As if to provide an appropriate background to this heartache, too many of Morty’s friends and colleagues—Tommy’s, too—were dying. To look back on that sinister era feels now, to Tommy, like going to a history museum and gazing into a glass-front display, a sealed-off epoch as remote as the ones portrayed in the dioramas with covered wagons or roaming mastodons. Perhaps that’s a disgraceful thought, but barely twenty years after the panic began—the wildfire of fear and pointed hypochondria, the escalating number of phone calls with worsening news, the gridlock of funerals—it petered toward an end. Not an end to the entire epidemic, of course, but an end to its tyranny over their particular world, to the lengthening roster of its victims. Morty had pointed out, grimly, that if you knew your social circles well enough, you could have set up a solid betting pool, a kind of actuarial poker. “You could donate the proceeds to cover the health care of the uninsured, how about that?”

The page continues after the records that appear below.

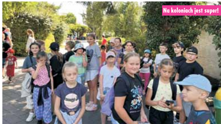
Na koloniach jest super!

innych zwierzątek. Po zwiedzaniu czekał na nas pyszny posiłek, a na deser, oczywiście, lody. Zmęczeni, ale szczęśliwi, wracamy do domu – wspominają uczestnicy kolonii. - To dopiero początek naszych przygód! Trzymajcie kciuki za kolejne dni pełne zabawy – prognozują. m
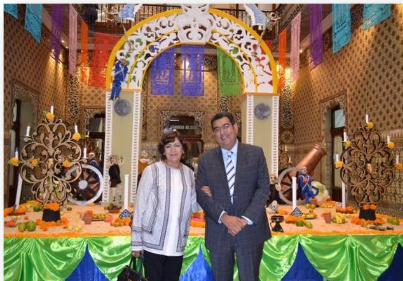
Exposición de ofrendas en la Sede Principal del Congreso y oficinas en el "Mesón del Cristo"
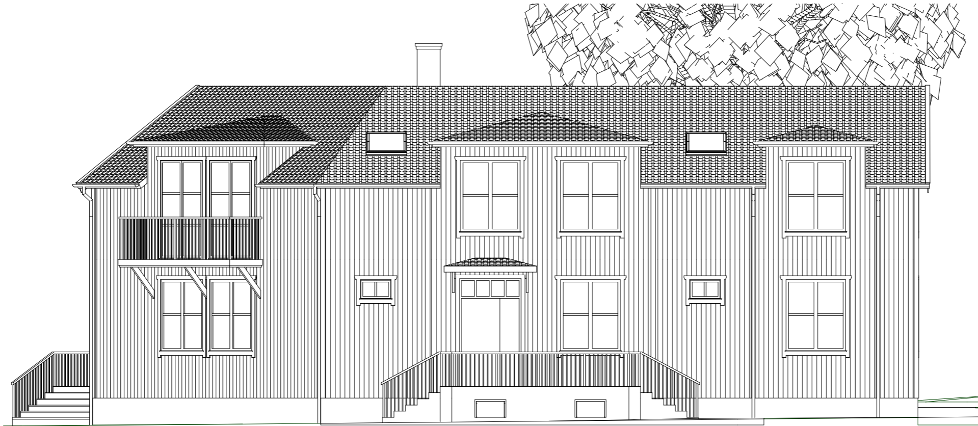
FASAD MOT NORDOST

Inkom till Stockholms stadsbyggnadskontor - 2023-11-06, Dnr 2023-14177 Tillhör Stockholms stadsbyggnadsnämnds beslut, Lovbeslut - Avslag - 2024-05-23, Handl. Robin Julin
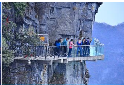
หน้าพลาวยฟ้าทางเดินกระจก
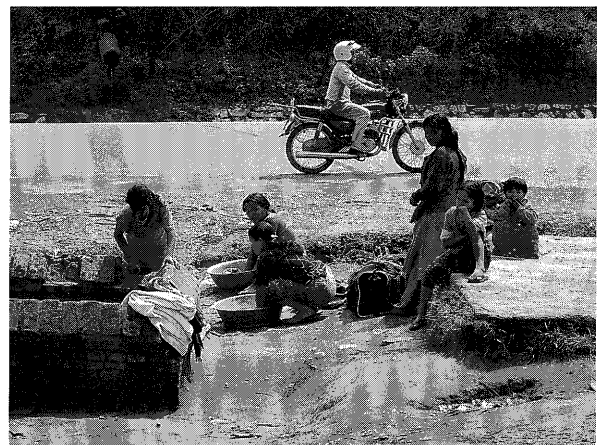
写真3：公共水道で洗濯する住民 (この排水は周辺から再び地下に浸透し上水道に流れ込む可能性がある)

Between spates of touring and their separate day trips to the city, Tommy and Morty had lived an intensely focused life in the two years they had shared the house. One month Tommy’s life was a cram session of readings, parties, school visits, radio interviews, and—back when authors had any cachet—television talk shows. And then, for a season, it became a serial monotony of paperwork, phone calls, gardening, tending to the needs of a geriatric house. The longer stretches were almost monastic, but Tommy didn’t see it that way, because the small, hectic periods of travel and fuss, of managing so much attention (both welcome and intrusive), filled her days with more people than she might have met in the entirety of any other viable life.

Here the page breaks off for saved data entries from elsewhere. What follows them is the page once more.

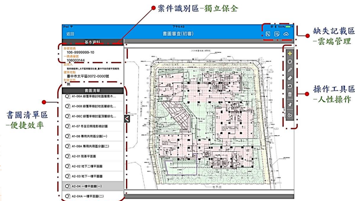
圖 5 無紙審照系統示意圖
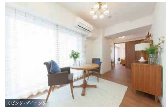
リビング・ダイニング
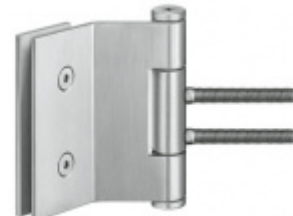
Simonswerk Variant VG 3990 K
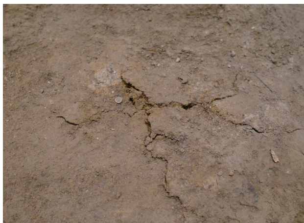
2023/11/17 亀裂 縦約 10.6cm 横約 16.5cm
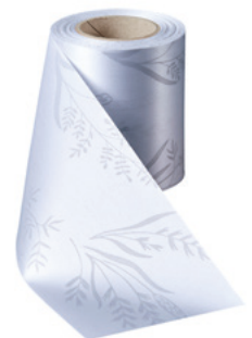
Art.-Nr.: 06890 Farbe: 022 hellgrau
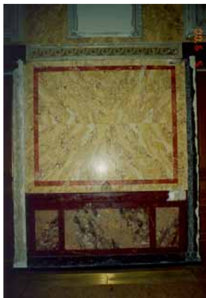
Nettoyage du stuc marbre

So it surprised her one day when Morty said, “Do you realize what a pair of sorry introverts we are?” He had just pointed
out that a visiting plumber was the first person either of them had spoken with, face-to-face, in nearly a week. “Maybe we should start making jam or cordials. Wear ropes around our waists.”
They were bound together as well by their mothers’ failing health, though they spoke only rarely about this kindred burden—perhaps because each of them felt inadequate, never attentive enough. Tommy had Dani and her father to cover for her periods of absence and negligence—and, in hindsight, it’s clear that Tommy’s mother did her best to minimize the trials of her treatment, always insisting that she looked much worse than she felt. As for Morty, he could tell himself that his mother hardly noticed when he came to visit—and surely wouldn’t remember once he left.

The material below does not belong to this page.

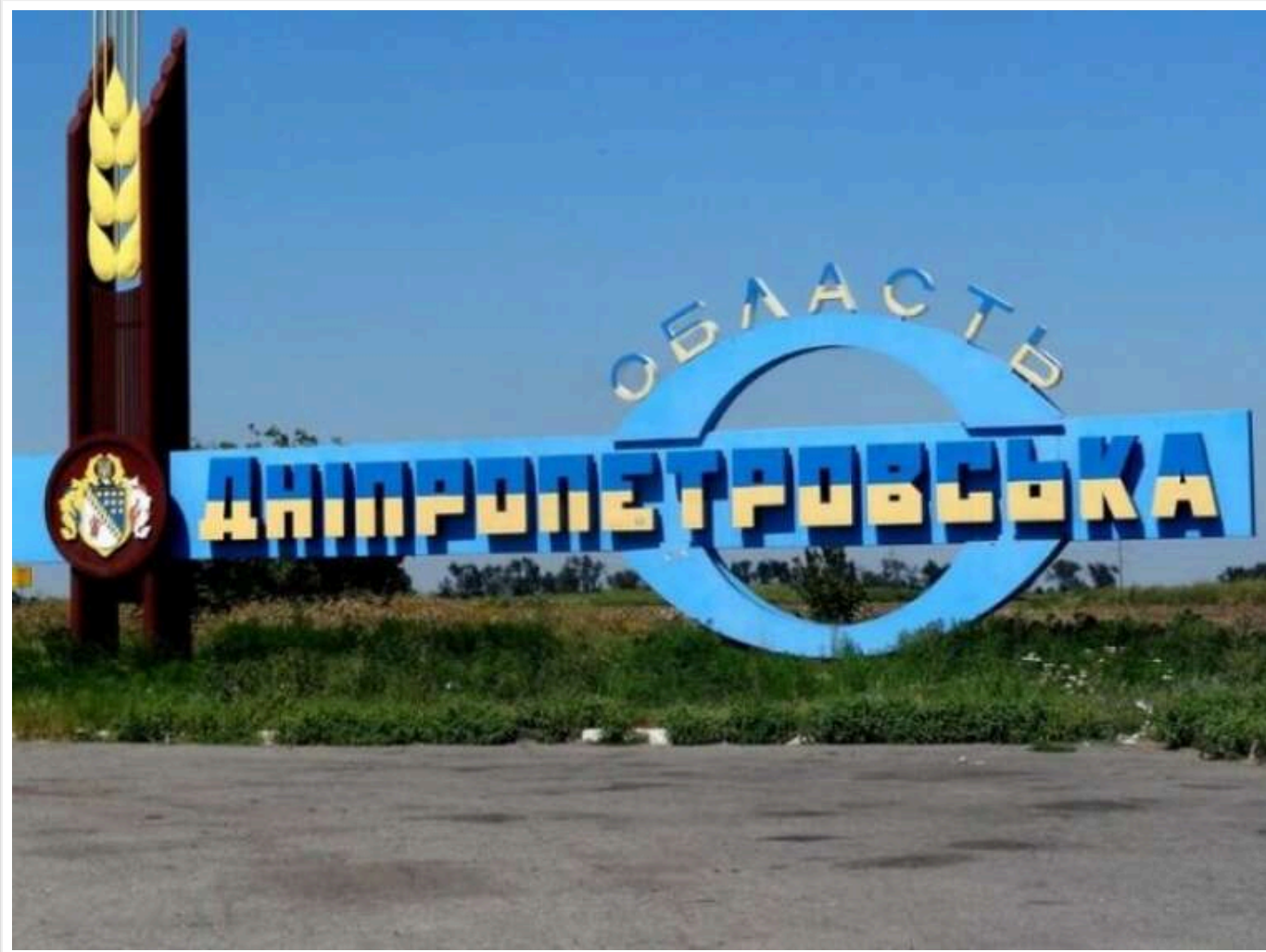
У Дніпропетровській ОВА спростували фейкову інформацію про досягнення росіянами кордону області

Читати на руском Read in English Додати як бажане джерело в Google

But at the time, Tommy had no intention, at least in the long term, of giving up on finding a separate life of her own. About children, she wasn’t certain, but who didn’t want to fall feverishly, lustfully, then lastingly in love? Since Scott, her Jamesian lover in college, she’d had two short liaisons, both disastrous, with men she met while she lived in the city. When they had each let her down, she had been grateful for Morty’s company during the day. There were times she could even comfort herself with the certainty that here was a handsome, talented man who knew her well and treated her with kindness, even affection. If Morty had been attracted to women, maybe, despite their age difference, they would have married.
But she and Morty did not talk about love, not the kind of love that involved coupling. For too many people around them, death had eclipsed that kind of love. Because Tommy began working for Morty at almost exactly the same moment when whispers of the rogue disease began to circulate, she assumed that Morty had sworn off passionate connections because they were simply too risky. (In Morty’s building on Twelfth Street, a downstairs neighbor was the first man Tommy saw whose skin had broken out in those lurid bruises. She saw him just a few times, trying hard not to stare, before she never saw him again.)